Sorrow was the perfect word too. It was heavy and low and dark. It wearily carried me along and had become my normal. Sorrow was as good as it got. At my absolute best, I was Eeyore.

And how I wish I could forget what I was like at my worst. When anxiety spiralled and swarmed and raged out of me. The cliché says living with a toddler is like owning a blender without a lid. But I don’t think I can even come close to explaining to you the enormity or severity of what that exploding Nutribullet meant to me every time it happened (or threatened to). A missed nap, an uneaten dinner, an irrational moment and instantly all evidence and rational thought flew up in the air, smashed and slashed by rotating blades. Panic got its slimy hands around my heart and squeezed. Catastrophe beat the drums of everlasting doom. Yes, I am being melodramatic; that’s kind of the point.

So, that was what it was like to live with me. Take your pick between Eeyore and the heroine in a Greek tragedy (with PMT). But in public I covered it up pretty well… or at least I tried to. I probably came across a bit tired and grumpy, a bit short with the kids and my husband. But I covered it up. For two and a half years. I have brilliant friends and family, I am pretty well read, I knew about postnatal depression but I honestly didn’t realise I had it. I was suicidal and I genuinely thought it was normal.

I’m better now. Not 100% but on an upward (slightly turbulent) trajectory.
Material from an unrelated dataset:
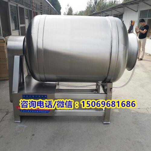 真空滚揉机,肉制品真空滚揉机是在真空状态下,利用物理冲击原理,让肉块或肉馅在滚筒内上下翻动,从而达到腌渍作用,腌渍液被肉充分的吸收,增强肉的结合力和保水性,提高产品弹性及出品率,本机采用不锈钢制作,肉制品真空滚揉机圆形封头,结构合理,调理品滚揉机哪家好,滚揉空间大,运行平稳,噪音小,性能可,操作简单,调理品滚揉机价格,设备使用率高。桨叶圆弧形,设计独特,使腌料分布均匀,对产品表层不造成伤害,是产品的柔嫩性的外观得到提高。单速滚揉,双速滚揉,变频运行可选择;肉制品真空滚揉机可实现自动出料、能减轻劳动强度并提高生产率,具有连续、间歇滚揉、反转滚动出料等功能。

I was incredibly lucky that the dam finally broke all over a wonderful GP (who had innocently remarked my baby had dry skin and was rewarded by a wailing harridan confessing she was the worst mother in the world), and that I was referred to a fantastic cognitive behavioural therapist. That I got help and I learned I could cope, even if the lid did come off the Nutribullet and we got avocado all up the walls. That there was no such thing as perfect and who cared anyway. That self care is just as important as looking after the kids. I have bad moments not bad months. I have a lot more moments of brilliant, blinding sunshine. I see rainbows instead of magpies.

And that’s a shame, because I owe you an apology, Mrs Magpie, for judging you by your feathers.